Commanders and leaders
- Friedrich von Scholtz: Nikolai Ruzsky Radko Dimitriev

Units involved
- 8th Army: 12th Army

Strength
- Unknown: 189,000

Casualties and losses
- 3,500, including 1,000 captured: 23,000

= Christmas Battles =

Battles on the Eastern Front of WWI

The Christmas Battles (Ziemassvētku kaujas; Aa-Schlachten; Митавская операция) were offensive operations conducted by the Imperial Russian Army and Latvian Riflemen during World War I in the area of Jelgava, Latvia, by the Russian 12th Army of the Northern Front.
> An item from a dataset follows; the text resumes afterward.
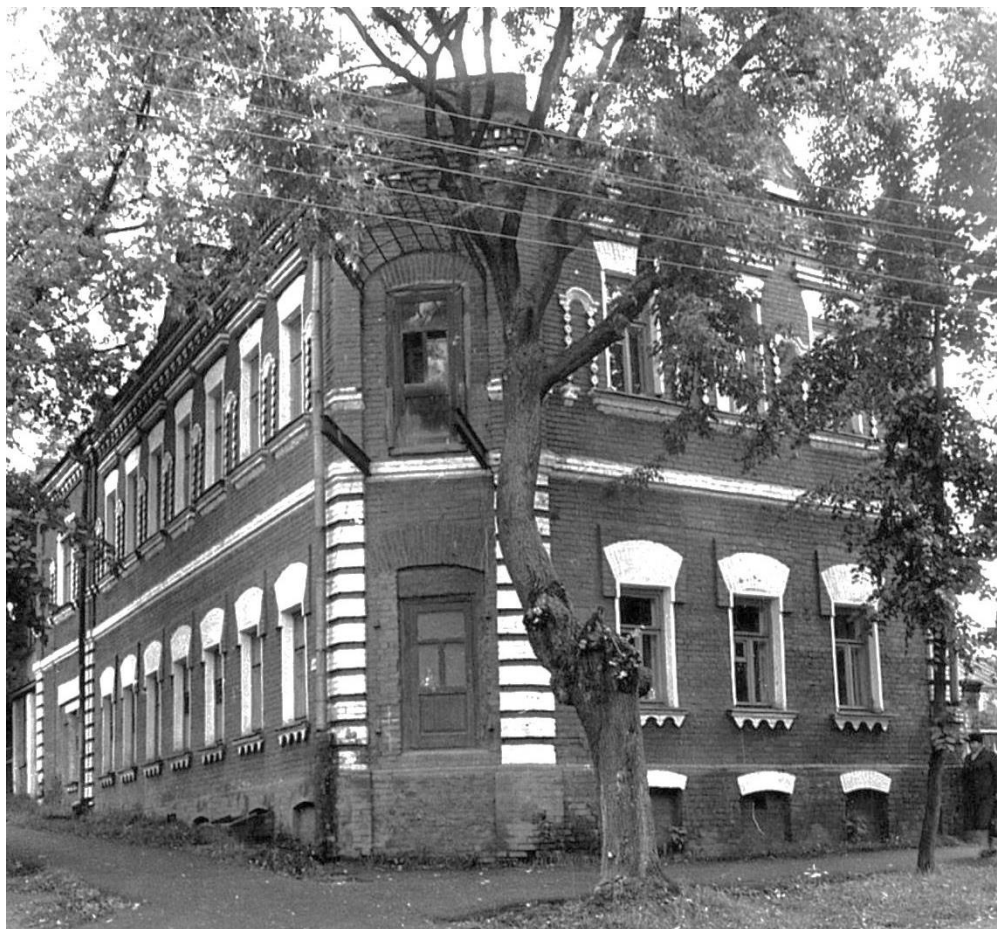
Почтовая ул., 19/16. Дом Соколовых, начало XX в.

Московская область, г. Звенигород. Комплекс застройки ул. Таракановской, середина XIX - начало XX вв. Фото С.А. Никольского, 1987 г.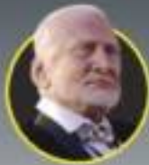
Buzz Aldrin Astronauta

EL ÚNICO astronauta vivo de la misión Apolo 11, que caminó en la superficie lunar hace 50 años, recuerda la "desolación magnífica" del satélite; ve como privilegio haber estado en esa primera misión tripulada; es tiempo de que la siguiente generación se aliste para ser pionera con una presencia permanente en Marte, señala en entrevista.

The operation took place from 23 December until 29 December 1916 according to the Julian Calendar (or 5 January to 11 January according to the Gregorian Calendar). The 12th Army was commanded by Gen. Radko Dimitriev; it was opposed by the German 8th Army.
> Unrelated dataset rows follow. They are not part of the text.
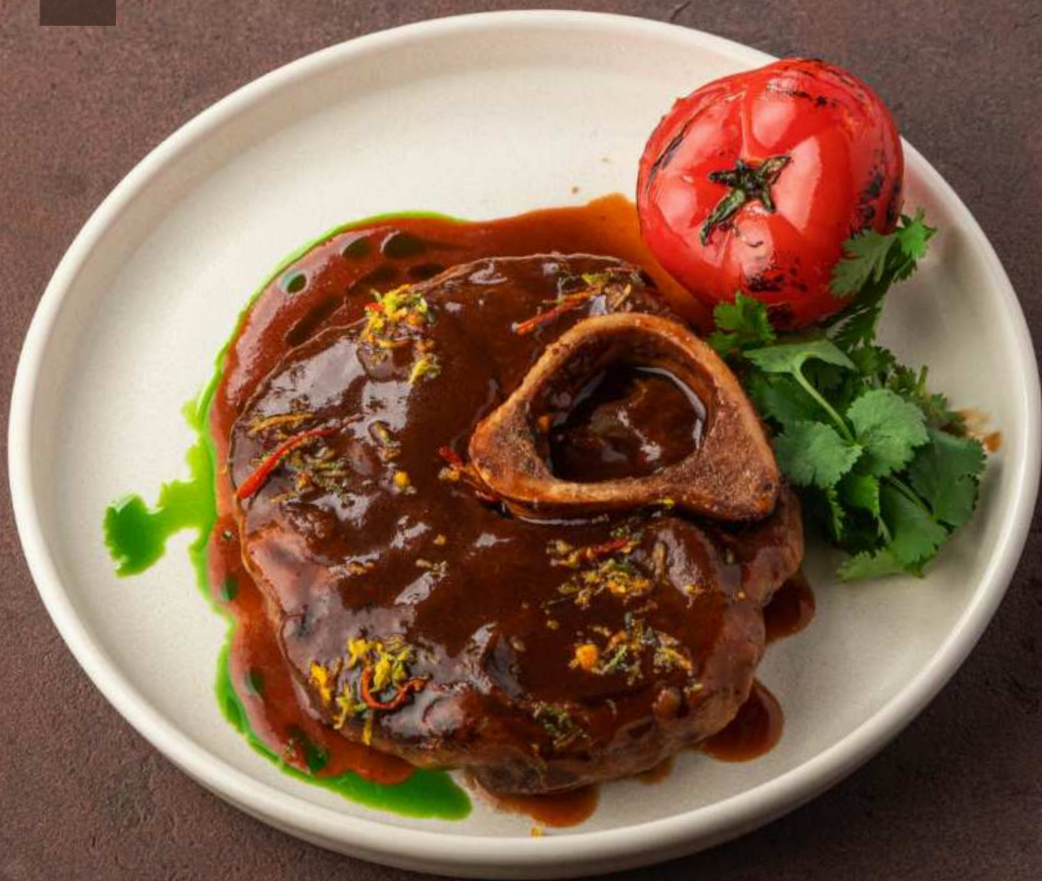
Оссобуко в винно-перечном соусе с печеным томатом и цитрусовой гремолатой 3100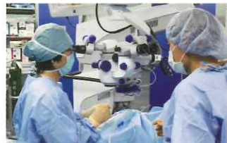
アイセンター 白内障手術

高度な機器を備え、専門スタッフが検査、治療から生活ケアまでトータルに行っています。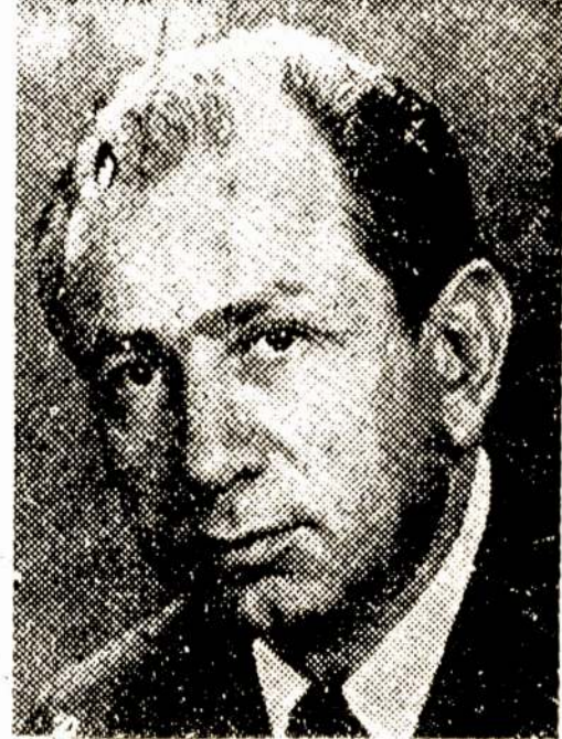
Rabbi Joachim Prinz

Plačiai veikianti Amerikos žydų organizacija "Breira" pasiutė atvirą laišką Izraelio vyriausybei, kuriame protestuojama prieš jos politiką santykiuose su arabais. Laiškas taip pat reikalaujama, kad Izraelis stengtųsi susitaikyti su arabais, ypač palestiniečiais, pripažįstant jiems jų teisę į savo tautinę nepriklausomybę ir valstybę.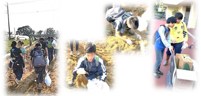
草ぶえの丘で、たくさんお芋を掘ってきたよ！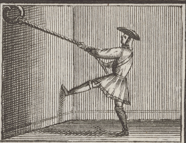
Hier Zureißet Er ein starkes Seil,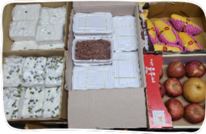
영락보린원 떡, 과일 후원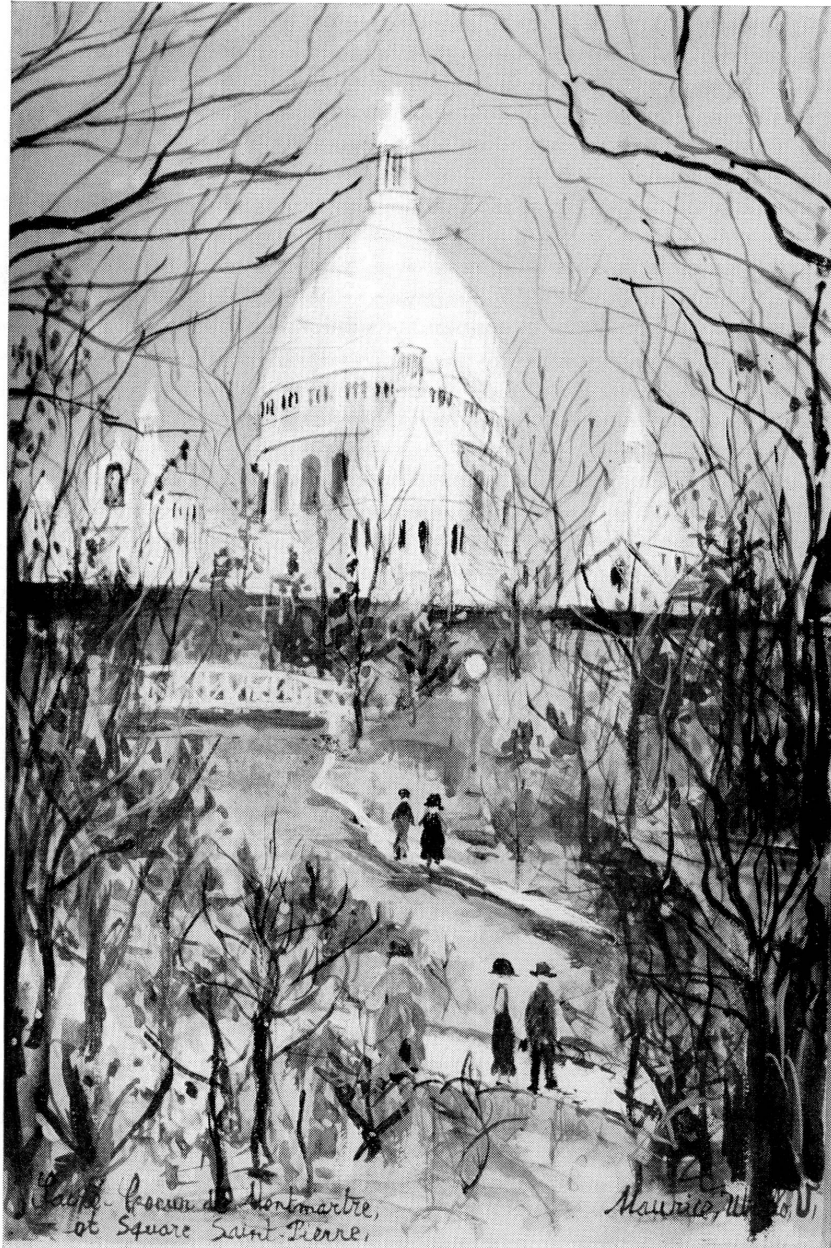
Maurice UTRILLO - Le Sacré-Cœur (Musée d'art et d'histoire, Genève)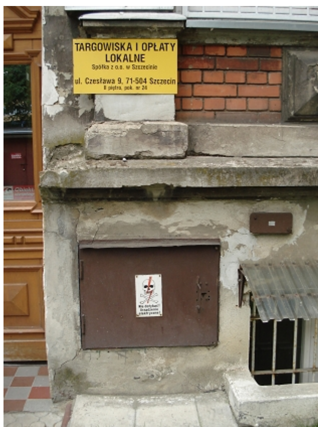
NAROŻNIK WEJŚCIA GŁÓWNEGO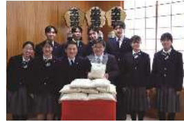
総合探究外部連携探究子ども食堂チームの皆さん

総合探究(外部連携探究)の一環として、文化祭における収益をお米に代えて、物価高騰の影響で食材の確保に苦慮している市内の子ども食堂に協力したいという生徒たちの強い思いにより、実現しました。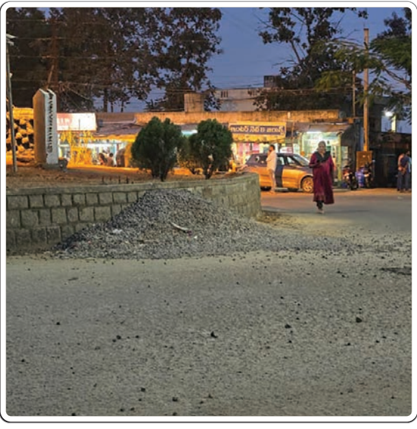
సింగరేణి అధికారులు స్పందించి రోడ్డుపై ఉన్న ఆకంకరను తొలగించాలంటే ప్రమాదం జరగక ముందే లని ప్రజలు కోరుతున్నారు.

చేసుకోని సుమారుగా 10 రోజులు కావ స్తున్న ఆ కాంట్రాక్టర్ రోడ్డుపై ఉన్న కంకరను ఇంకా తొలగించకపోవడం ప్రజలకు శాపంగా మారిందనే చెప్పొచ్చు. దీంతో వాహనదారులు ముఖ్యంగా ద్వీచక్ర వాహనదారులు అనేక ఇబ్బందులు పడుతున్నారు. ఒకవేళ భారీ వాహన ట్రైలర్ క్రింద ఆకంకర రాయి పడి ఎగిరి ఎవరి మీద పడిన వారి ప్రాణాలకు రక్షణ లేదనేది వాస్తవం. ఒకవేళ ఏదైనా ప్రమాదం జరిగితే ఎవరు బాధ్యత వహిస్తారో అర్థం కానీ పరిస్థితి. ఇప్పటికైనా

The battles took place in a swampy region, Tīreļpurvs (Tīrelis bog), between Lake Babīte and Jelgava. The main assault force was the 6th Siberian Rifle Corps which included two Latvian Riflemen brigades ("strēlnieki" who became a part of Latvian folklore and an important factor in the Latvian national awakening movement).

==Background==
The German 8th Army's advance was stopped near Riga in October 1915. Almost immediately German forces began fortifying their positions. A huge, 30 kilometre long wall (the so-called: German Wall) built out of sand and wood was constructed across Tīreļpurvs, separating both armies for more than a year.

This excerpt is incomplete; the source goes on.